I.
Let it be remembered here, that one of the most constant preoccupations of Napoleon I. was to centralize everything into his own hands. The emperor wished to the letter to know all and to govern all. Not content with having created the formidable monopoly of the universities, he had even dared to try his hand at flattery in pretending to treat religious affairs as a simple department of his vast administration. Could it, then, be hoped that his ambition respected the liberty of charity? Napoleon, then, dreamed very seriously of controlling its exercise. Portalis hindered him.
The good sense of this celebrated counsellor of the emperor refused on this occasion to consent to the caprices of his master. Portalis declared fearlessly that official charity was the product of a hollow, weak brain, altogether an Utopia of one’s own creation to amuse the leisure hours of some philosopher seeking a distraction.

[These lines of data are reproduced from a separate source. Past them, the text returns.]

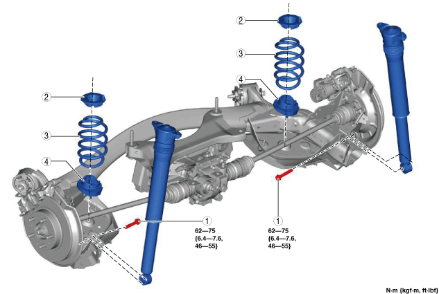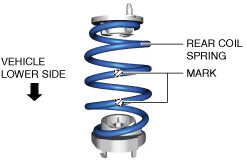 1.Install the rear coil spring with the mark facing the vehicle lower side.
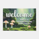 The background evokes a fairytale forest scene with muted greens, yellows and smokey blues. Mossy trees are decorated with delicate mushrooms in a complimentary white and soft pink color scheme. Bold white text reads "welcome" across the top. Easily update test template to a teacher or family name or classroom title. Maybe there's enough room for a cute joke? It's yours to customize. Available in many other backgrounds, colors and designs.
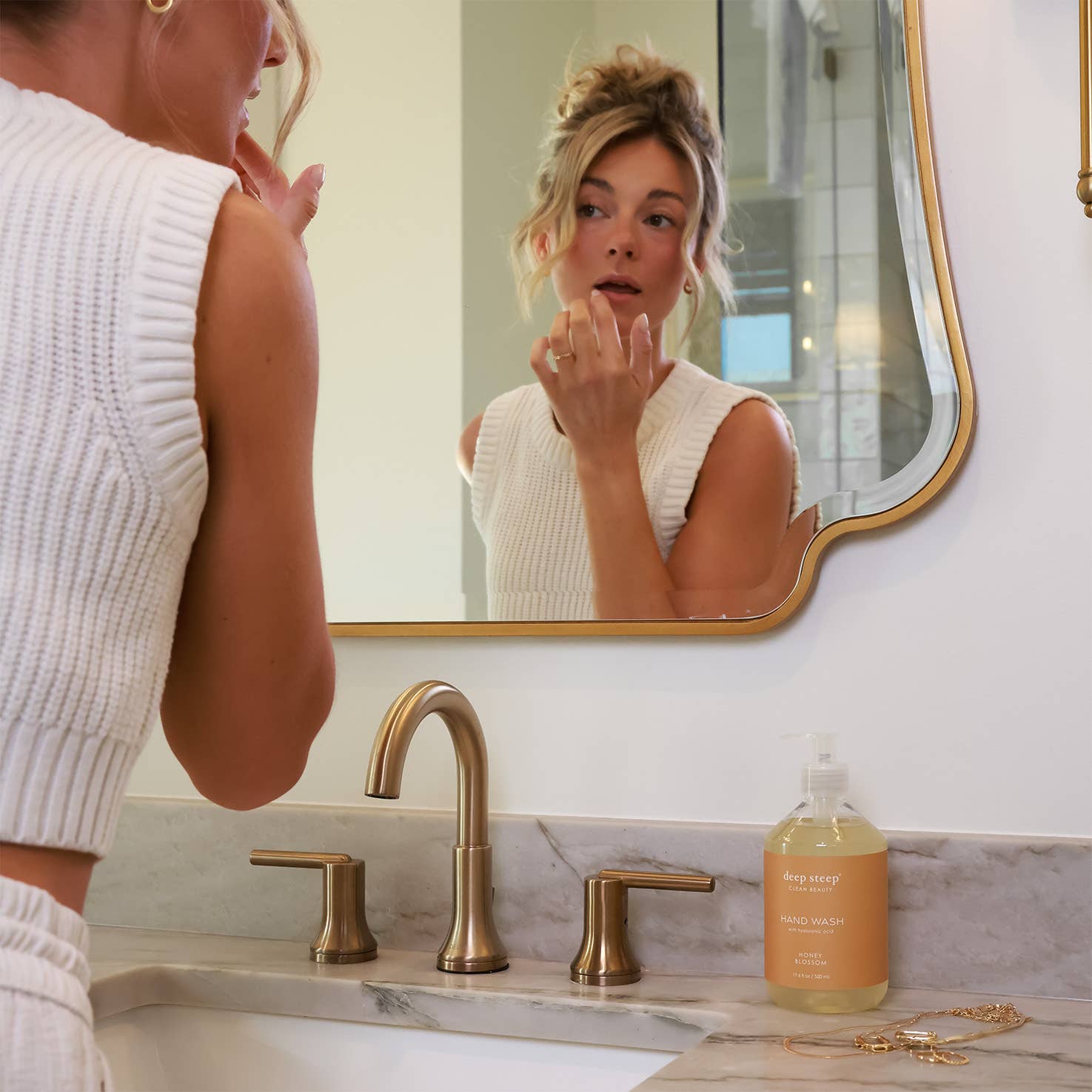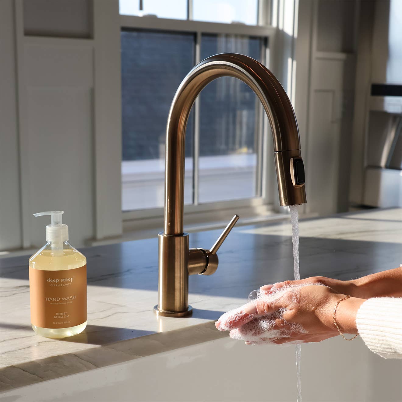 Honey Blossom - A must for those that love the true aroma of fresh orange blossom honey. Treat yourself to a cup of heartwarming tea and honey. Deep Steep’s rich lathering Argan hand wash provides gentle cleansing while moisturizing with oils of Argan, and Olive. Leave your skin feeling soft, smooth, and delicately scented. Our luxury hand washes offer a rich indulgent lather that never dries out your skin. Lather rinses cleanly and completely. No sticky residue, gentle enough for the most sensitive skin. Cruelty-Free, 17.6oz.

“Certain men,” wrote he to the emperor, “more jealous of their own attributes than of the public good, believe in finding abuses in all establishments that are not of their own creation. They scorn the good in the hope of finding the better; they imagine that all is resolved by calculation, and that, with two or three general maxims, they could reconstruct the world. With such ideas, states are disorganized. Such minds exhibit a greater power to destroy than an ability to construct.
“It is said with truth that the laws would be nothing without morals. It is, then, in the morals that the power of the laws will be sustained, that is to say, it is necessary to study the direction of the minds of men; that they should know the common affections of the human heart, and not govern by metaphysical abstractions and submit to cold calculation those things which cannot be other than the result of zeal, devotion, and of virtue.”[89] This was adroitly cautioning the emperor against the deleterious influences of that sad philosophy which sought to control him. Applying these principles to those hospitable communities that irreligious passions wished to banish, Portalis subjoined:
“The associations with which are connected so many touching memories were recommended to the considerate attention of your majesty by the gratitude of the people. Experience speaks loudly in favor of the imperial decrees which have authorized these associations. It is not, then, to balance between the vain theories of an infatuated sophist and the real assistance that charity administers to suffering humanity.”[90]
“These miserable objections derive their source ... in the vain theories of which experience has demonstrated the illusion.”[91] It is, then, clear that official charity found no advocate in Portalis. It presented to him the too evident imprints of a lying and anti-Christian philosophy. We will continue our citations.
II.
Portalis was convinced that religion only could induce charity. He believed that in this case religion only is capable of receiving and executing the mandates of charitable bequests.
“Your majesty,” wrote he again, “in your great wisdom has desired to leave the care of the poor under the guard of religion. She has undertaken the service that is accompanied with so many sacrifices and discouragements, which could not be guaranteed but by the most elevated and the most generous sentiments. She has dispersed the false systems of men who would wish to enjoy the benefits of the great work we see in operation under our eyes, in draining with as much imprudence as ingratitude the source from which they are furnished.”[92]